DIRECTIONS - Using the listing below, set down exactly the lines starting at the line that contains "Mieszkanie jest dwustronne" and ending at the line that contains "使用白金類貴金屬奈米化高導電", both included, and no others.

━━ SOURCE INFORMATION

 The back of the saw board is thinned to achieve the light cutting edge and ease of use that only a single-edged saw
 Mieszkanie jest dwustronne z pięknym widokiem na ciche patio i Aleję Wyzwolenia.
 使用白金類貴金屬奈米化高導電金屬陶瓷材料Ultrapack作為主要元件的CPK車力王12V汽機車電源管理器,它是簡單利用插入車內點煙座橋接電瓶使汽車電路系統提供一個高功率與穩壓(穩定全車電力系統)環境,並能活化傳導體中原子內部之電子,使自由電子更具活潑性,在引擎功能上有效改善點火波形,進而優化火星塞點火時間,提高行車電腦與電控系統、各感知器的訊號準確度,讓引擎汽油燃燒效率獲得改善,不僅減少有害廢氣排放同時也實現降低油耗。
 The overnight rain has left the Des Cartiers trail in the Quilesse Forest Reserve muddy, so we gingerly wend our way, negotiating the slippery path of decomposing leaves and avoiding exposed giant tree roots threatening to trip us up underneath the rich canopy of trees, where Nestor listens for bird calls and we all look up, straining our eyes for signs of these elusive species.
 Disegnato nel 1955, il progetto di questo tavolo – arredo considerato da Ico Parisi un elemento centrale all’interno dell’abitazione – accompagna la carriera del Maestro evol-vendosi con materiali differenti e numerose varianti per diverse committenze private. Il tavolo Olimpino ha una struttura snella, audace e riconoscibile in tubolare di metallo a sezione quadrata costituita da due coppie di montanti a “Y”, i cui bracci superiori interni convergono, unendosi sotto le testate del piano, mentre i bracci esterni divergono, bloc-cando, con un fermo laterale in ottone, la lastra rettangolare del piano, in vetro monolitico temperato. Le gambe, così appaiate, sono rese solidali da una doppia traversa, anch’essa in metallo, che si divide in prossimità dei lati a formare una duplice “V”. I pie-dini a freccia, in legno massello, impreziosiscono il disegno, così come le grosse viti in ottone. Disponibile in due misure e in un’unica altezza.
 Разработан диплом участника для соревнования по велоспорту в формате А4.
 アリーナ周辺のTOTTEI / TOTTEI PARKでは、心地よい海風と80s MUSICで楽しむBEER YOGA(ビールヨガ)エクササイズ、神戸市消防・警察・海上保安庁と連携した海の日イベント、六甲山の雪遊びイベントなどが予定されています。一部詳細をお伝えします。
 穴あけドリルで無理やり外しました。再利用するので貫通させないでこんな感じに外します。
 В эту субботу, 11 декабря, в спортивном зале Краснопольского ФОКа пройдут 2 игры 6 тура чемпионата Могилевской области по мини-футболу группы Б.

━━━━
━━ SOURCE INFORMATION

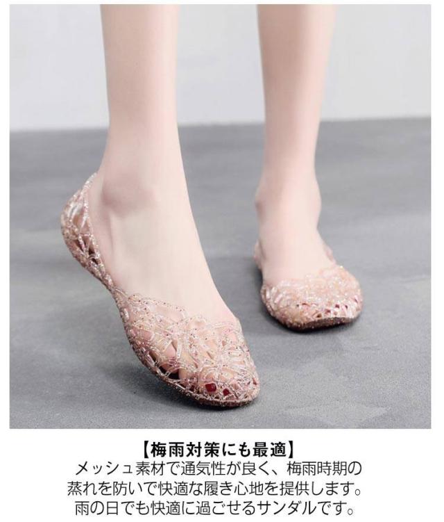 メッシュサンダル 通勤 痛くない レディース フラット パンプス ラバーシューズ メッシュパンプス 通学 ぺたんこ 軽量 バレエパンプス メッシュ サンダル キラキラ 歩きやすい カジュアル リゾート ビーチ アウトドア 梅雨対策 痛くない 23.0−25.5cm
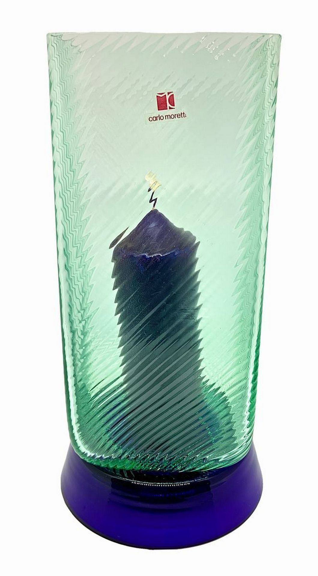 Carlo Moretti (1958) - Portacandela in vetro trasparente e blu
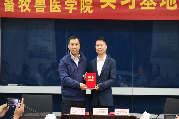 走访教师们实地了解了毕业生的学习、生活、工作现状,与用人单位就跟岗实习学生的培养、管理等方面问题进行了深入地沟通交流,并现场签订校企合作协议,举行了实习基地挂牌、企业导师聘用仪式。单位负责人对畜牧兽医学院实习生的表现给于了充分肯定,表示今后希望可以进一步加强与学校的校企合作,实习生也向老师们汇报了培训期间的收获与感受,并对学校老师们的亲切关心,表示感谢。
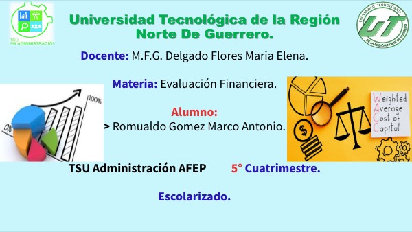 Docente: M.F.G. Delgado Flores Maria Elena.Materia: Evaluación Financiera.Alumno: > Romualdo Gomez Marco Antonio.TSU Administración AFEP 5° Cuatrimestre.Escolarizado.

━━━━
━━ SOURCE INFORMATION

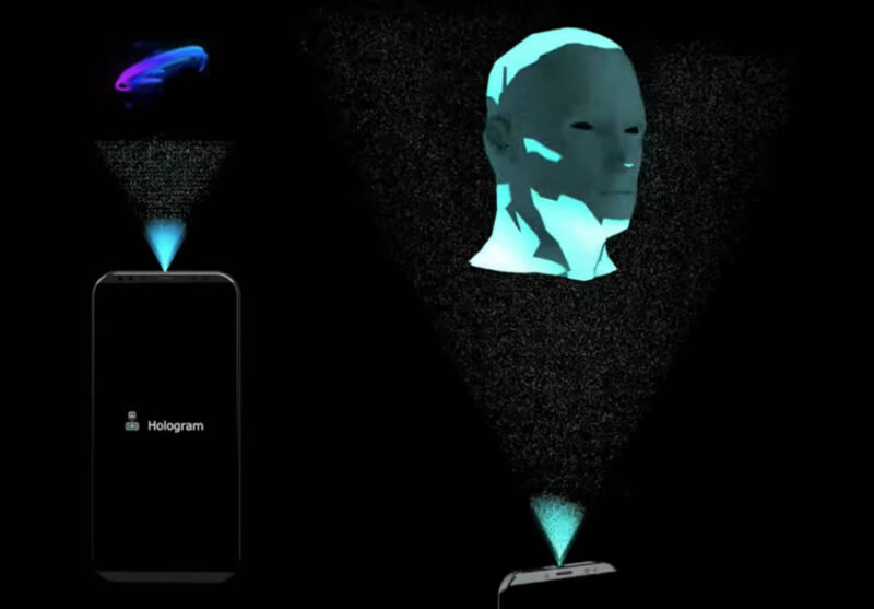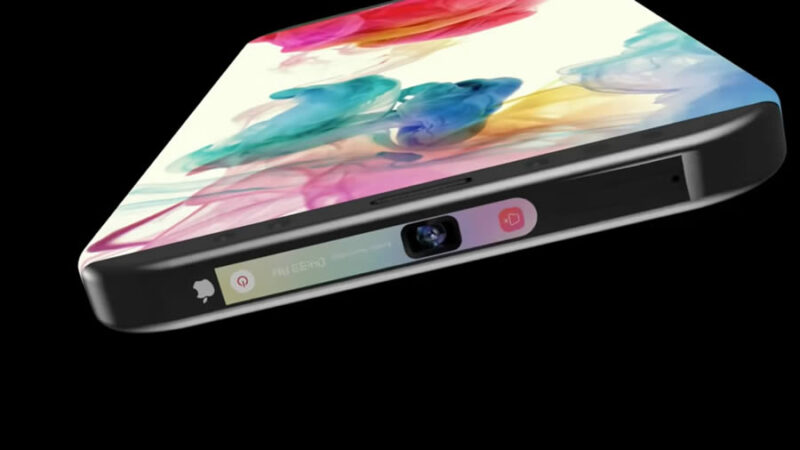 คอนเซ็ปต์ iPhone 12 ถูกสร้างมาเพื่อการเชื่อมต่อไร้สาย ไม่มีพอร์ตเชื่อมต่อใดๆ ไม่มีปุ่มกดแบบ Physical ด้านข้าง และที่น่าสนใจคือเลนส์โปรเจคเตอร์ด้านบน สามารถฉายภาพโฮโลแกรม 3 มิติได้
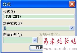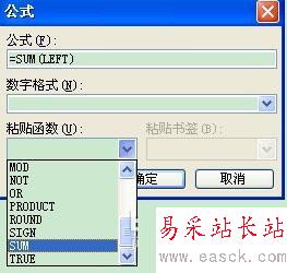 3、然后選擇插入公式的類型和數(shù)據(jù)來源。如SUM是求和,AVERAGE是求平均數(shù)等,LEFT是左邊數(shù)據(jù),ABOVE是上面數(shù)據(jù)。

━━━━

REPLY TO THE TASK -
 Mieszkanie jest dwustronne z pięknym widokiem na ciche patio i Aleję Wyzwolenia.
 使用白金類貴金屬奈米化高導電金屬陶瓷材料Ultrapack作為主要元件的CPK車力王12V汽機車電源管理器,它是簡單利用插入車內點煙座橋接電瓶使汽車電路系統提供一個高功率與穩壓(穩定全車電力系統)環境,並能活化傳導體中原子內部之電子,使自由電子更具活潑性,在引擎功能上有效改善點火波形,進而優化火星塞點火時間,提高行車電腦與電控系統、各感知器的訊號準確度,讓引擎汽油燃燒效率獲得改善,不僅減少有害廢氣排放同時也實現降低油耗。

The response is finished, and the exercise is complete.